_Work to complete_
In the records below, the line with "Harga grendel pintu, model" opens the range and the line with "Punk Snake Necklaces" closes it; print that range exactly and nothing else.

_Task data_
▬▬▬▬▬▬

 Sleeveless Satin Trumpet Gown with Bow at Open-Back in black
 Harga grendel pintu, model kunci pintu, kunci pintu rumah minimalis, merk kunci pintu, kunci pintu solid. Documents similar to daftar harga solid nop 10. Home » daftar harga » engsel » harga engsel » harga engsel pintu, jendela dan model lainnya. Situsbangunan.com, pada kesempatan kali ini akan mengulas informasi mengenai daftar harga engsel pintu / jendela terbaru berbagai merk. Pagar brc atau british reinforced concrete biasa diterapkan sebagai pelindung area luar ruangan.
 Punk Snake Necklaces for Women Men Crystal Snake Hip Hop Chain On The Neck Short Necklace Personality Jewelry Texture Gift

▬▬▬▬▬▬

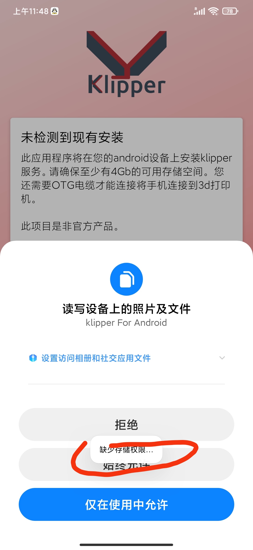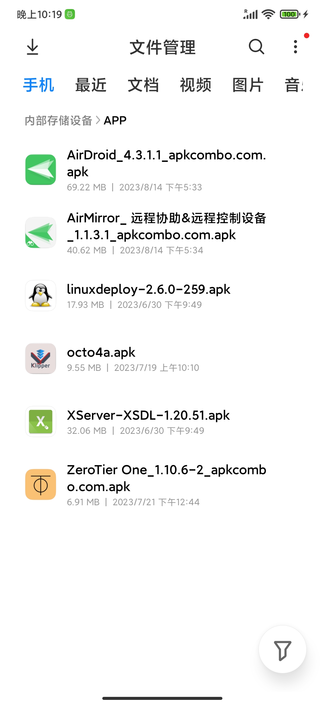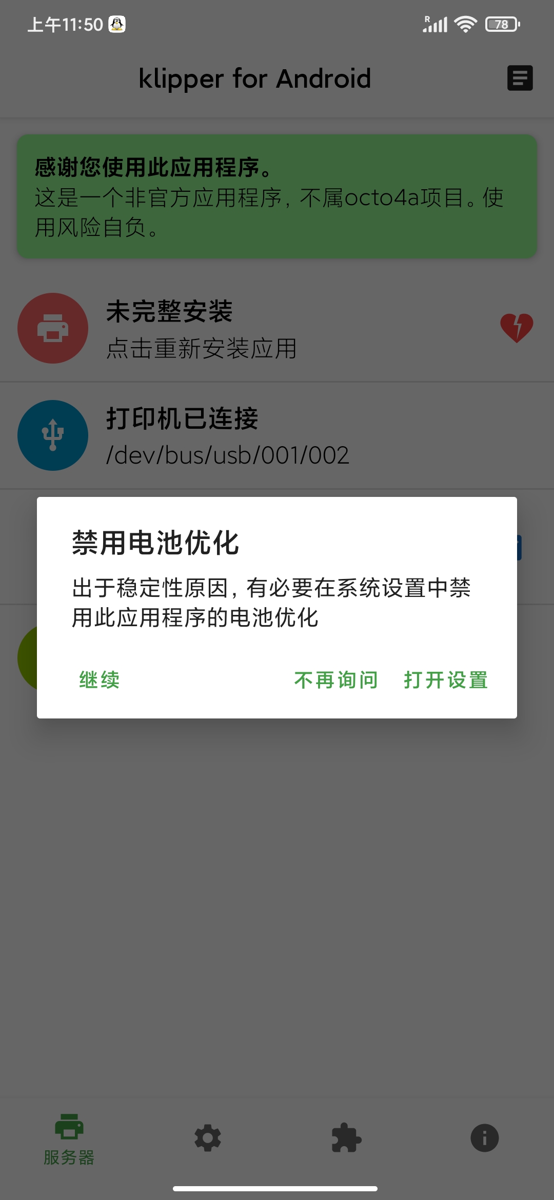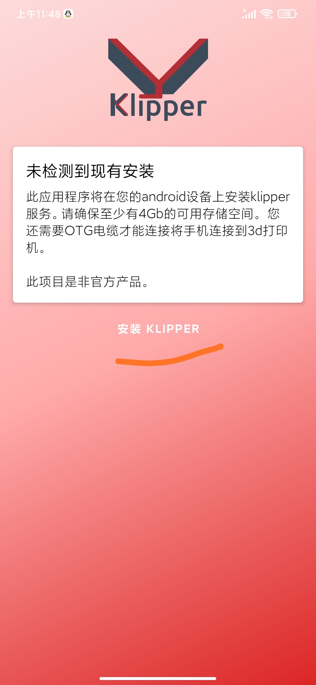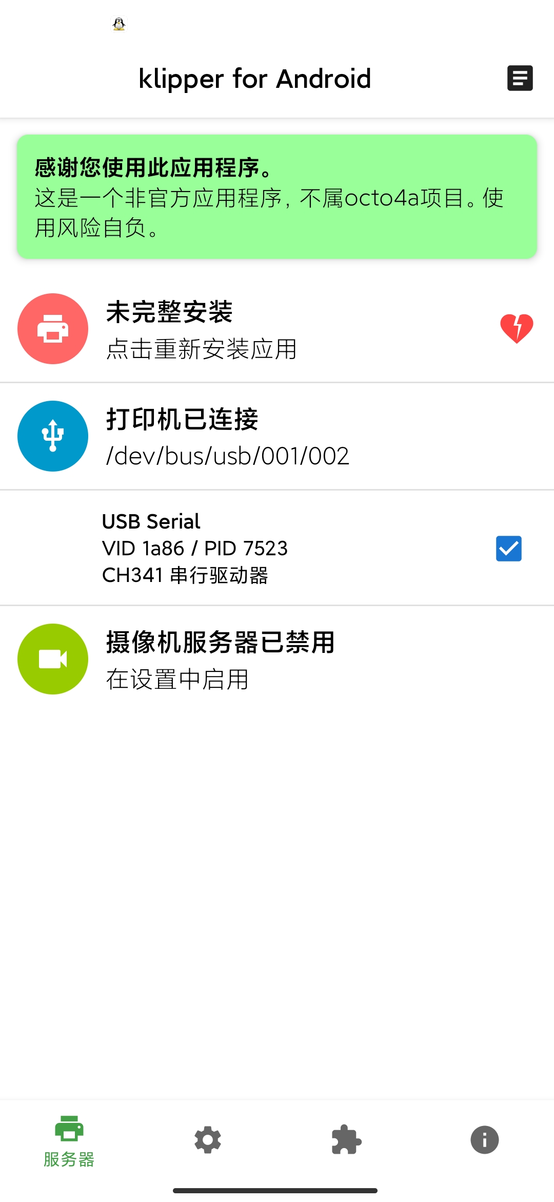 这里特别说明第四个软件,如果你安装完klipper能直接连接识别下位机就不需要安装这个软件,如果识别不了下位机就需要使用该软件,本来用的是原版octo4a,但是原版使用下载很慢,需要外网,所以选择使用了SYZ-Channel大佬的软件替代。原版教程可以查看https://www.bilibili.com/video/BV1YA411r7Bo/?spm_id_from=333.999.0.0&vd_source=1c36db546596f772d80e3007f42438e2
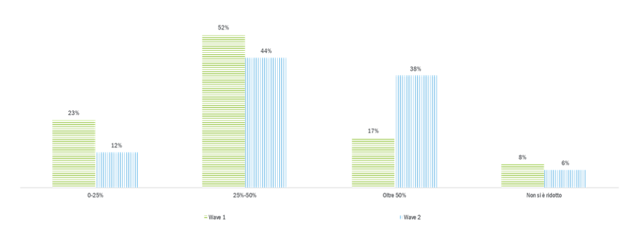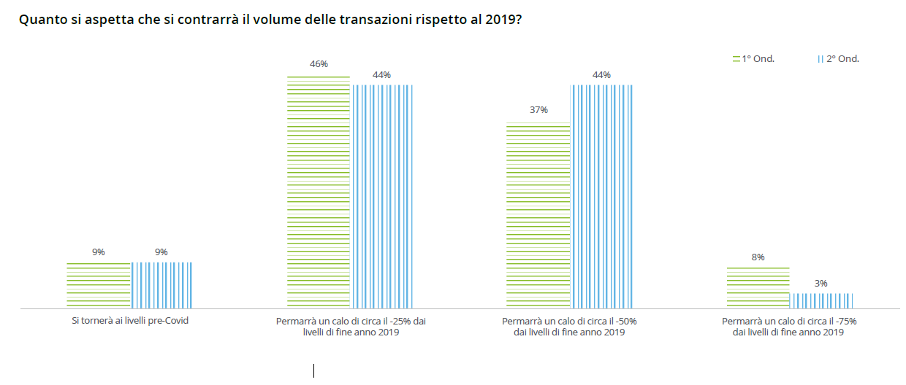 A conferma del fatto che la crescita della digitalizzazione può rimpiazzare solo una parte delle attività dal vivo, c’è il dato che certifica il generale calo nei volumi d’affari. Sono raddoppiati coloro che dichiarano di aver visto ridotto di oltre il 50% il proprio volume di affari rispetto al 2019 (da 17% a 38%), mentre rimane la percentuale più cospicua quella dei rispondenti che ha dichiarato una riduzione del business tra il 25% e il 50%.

▬▬▬▬▬▬

_Exercise response_
 Harga grendel pintu, model kunci pintu, kunci pintu rumah minimalis, merk kunci pintu, kunci pintu solid. Documents similar to daftar harga solid nop 10. Home » daftar harga » engsel » harga engsel » harga engsel pintu, jendela dan model lainnya. Situsbangunan.com, pada kesempatan kali ini akan mengulas informasi mengenai daftar harga engsel pintu / jendela terbaru berbagai merk. Pagar brc atau british reinforced concrete biasa diterapkan sebagai pelindung area luar ruangan.
 Punk Snake Necklaces for Women Men Crystal Snake Hip Hop Chain On The Neck Short Necklace Personality Jewelry Texture Gift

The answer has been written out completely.